━━━━━ Source information ━━━━━
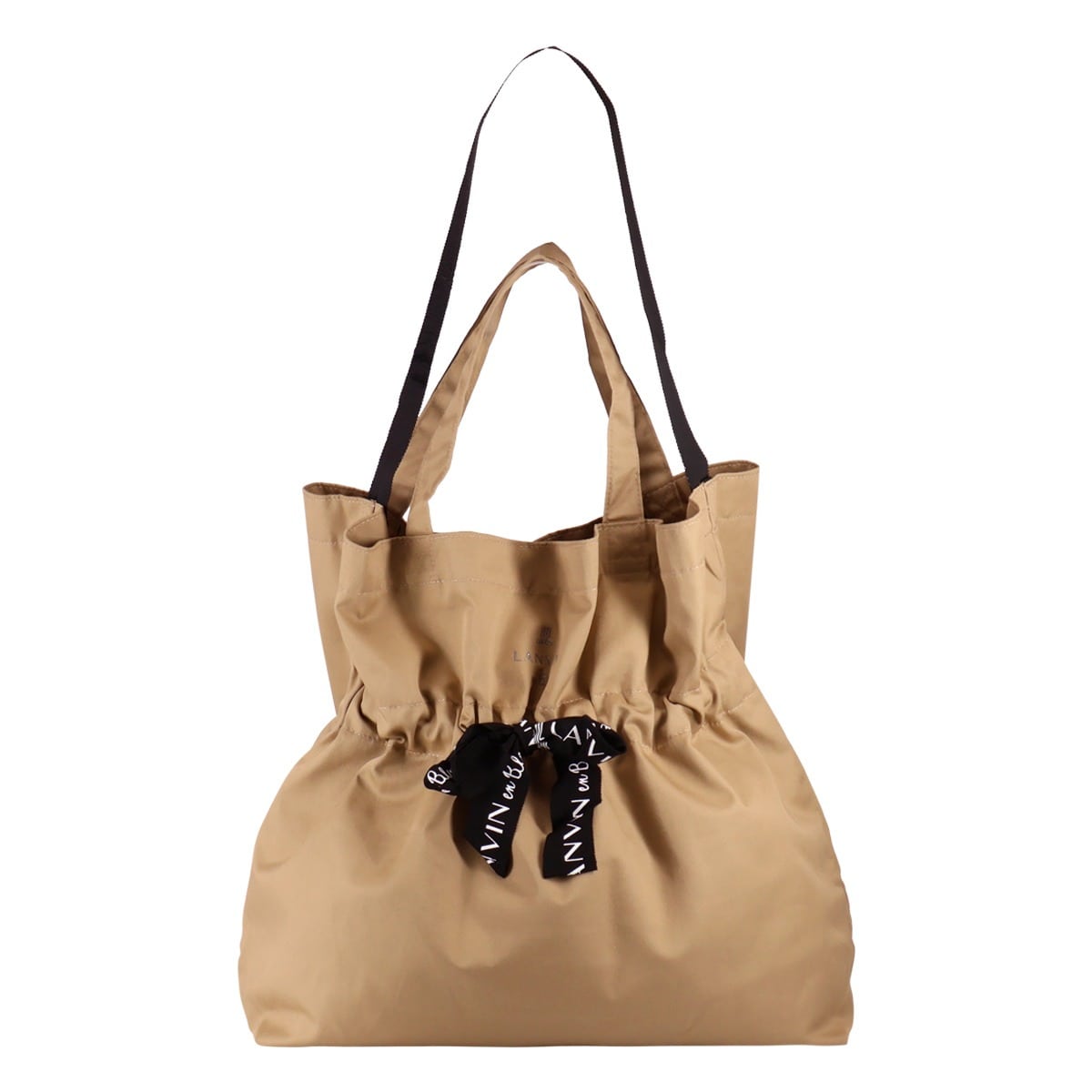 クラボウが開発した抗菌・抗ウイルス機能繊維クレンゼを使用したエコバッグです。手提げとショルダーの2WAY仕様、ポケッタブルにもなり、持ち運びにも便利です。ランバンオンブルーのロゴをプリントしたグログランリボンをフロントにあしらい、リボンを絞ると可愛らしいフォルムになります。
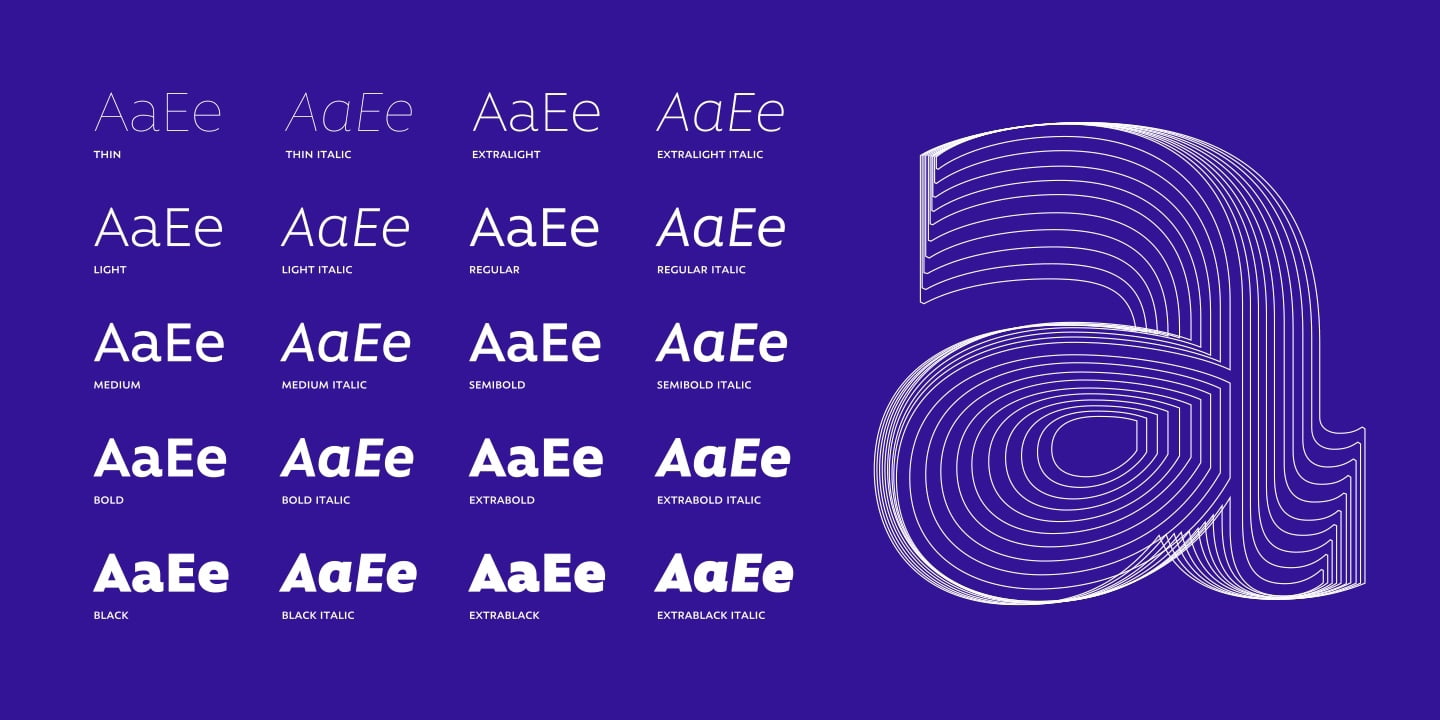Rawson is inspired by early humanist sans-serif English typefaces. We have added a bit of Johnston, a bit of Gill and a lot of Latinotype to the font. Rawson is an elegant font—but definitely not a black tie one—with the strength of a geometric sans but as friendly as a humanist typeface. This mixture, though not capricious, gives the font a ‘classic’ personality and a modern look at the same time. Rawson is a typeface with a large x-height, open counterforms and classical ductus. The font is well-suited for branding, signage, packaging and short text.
━━━━━
━━━━━ Source information ━━━━━
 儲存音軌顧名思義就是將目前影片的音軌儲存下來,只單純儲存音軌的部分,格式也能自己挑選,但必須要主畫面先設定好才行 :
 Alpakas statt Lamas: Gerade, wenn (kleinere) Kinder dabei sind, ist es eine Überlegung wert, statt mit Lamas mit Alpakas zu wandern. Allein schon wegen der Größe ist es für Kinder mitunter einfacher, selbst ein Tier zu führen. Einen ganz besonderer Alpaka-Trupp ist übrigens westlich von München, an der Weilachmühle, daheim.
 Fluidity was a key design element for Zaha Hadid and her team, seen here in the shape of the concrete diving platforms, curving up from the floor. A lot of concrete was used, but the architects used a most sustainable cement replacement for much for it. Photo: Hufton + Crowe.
━━━━━
━━━━━ Source information ━━━━━
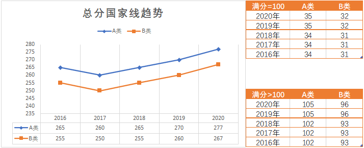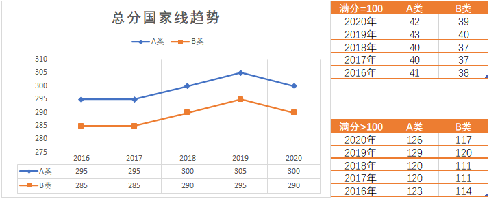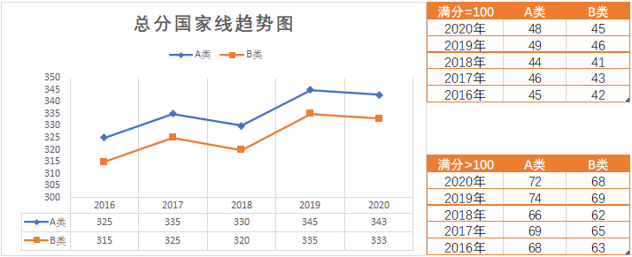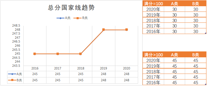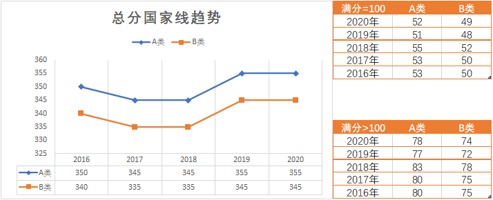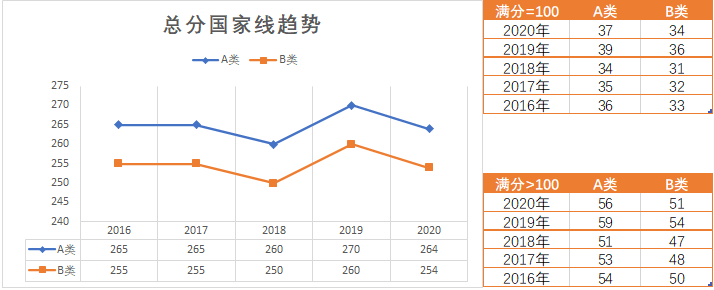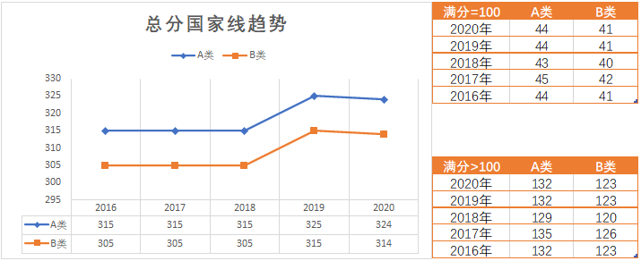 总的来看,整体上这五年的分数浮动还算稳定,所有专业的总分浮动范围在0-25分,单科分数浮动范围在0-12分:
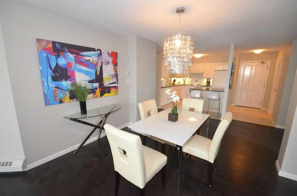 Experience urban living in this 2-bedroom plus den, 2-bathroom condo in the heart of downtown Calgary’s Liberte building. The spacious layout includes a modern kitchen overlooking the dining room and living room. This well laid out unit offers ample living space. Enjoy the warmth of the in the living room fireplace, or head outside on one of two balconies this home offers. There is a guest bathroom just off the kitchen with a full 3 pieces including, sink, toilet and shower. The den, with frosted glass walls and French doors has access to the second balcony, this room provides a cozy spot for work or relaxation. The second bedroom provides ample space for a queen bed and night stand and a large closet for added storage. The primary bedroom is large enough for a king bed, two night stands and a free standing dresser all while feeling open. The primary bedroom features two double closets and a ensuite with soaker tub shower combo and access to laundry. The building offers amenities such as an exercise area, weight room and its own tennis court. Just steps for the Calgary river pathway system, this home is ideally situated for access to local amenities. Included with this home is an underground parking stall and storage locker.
━━━━━
Only the lines above starting at the one containing "儲存音軌顧名思義就是將目前影" and ending at the one containing "Fluidity was a", both included, are to be returned, exactly as they read.

§ Task result:
 儲存音軌顧名思義就是將目前影片的音軌儲存下來,只單純儲存音軌的部分,格式也能自己挑選,但必須要主畫面先設定好才行 :
 Alpakas statt Lamas: Gerade, wenn (kleinere) Kinder dabei sind, ist es eine Überlegung wert, statt mit Lamas mit Alpakas zu wandern. Allein schon wegen der Größe ist es für Kinder mitunter einfacher, selbst ein Tier zu führen. Einen ganz besonderer Alpaka-Trupp ist übrigens westlich von München, an der Weilachmühle, daheim.
 Fluidity was a key design element for Zaha Hadid and her team, seen here in the shape of the concrete diving platforms, curving up from the floor. A lot of concrete was used, but the architects used a most sustainable cement replacement for much for it. Photo: Hufton + Crowe.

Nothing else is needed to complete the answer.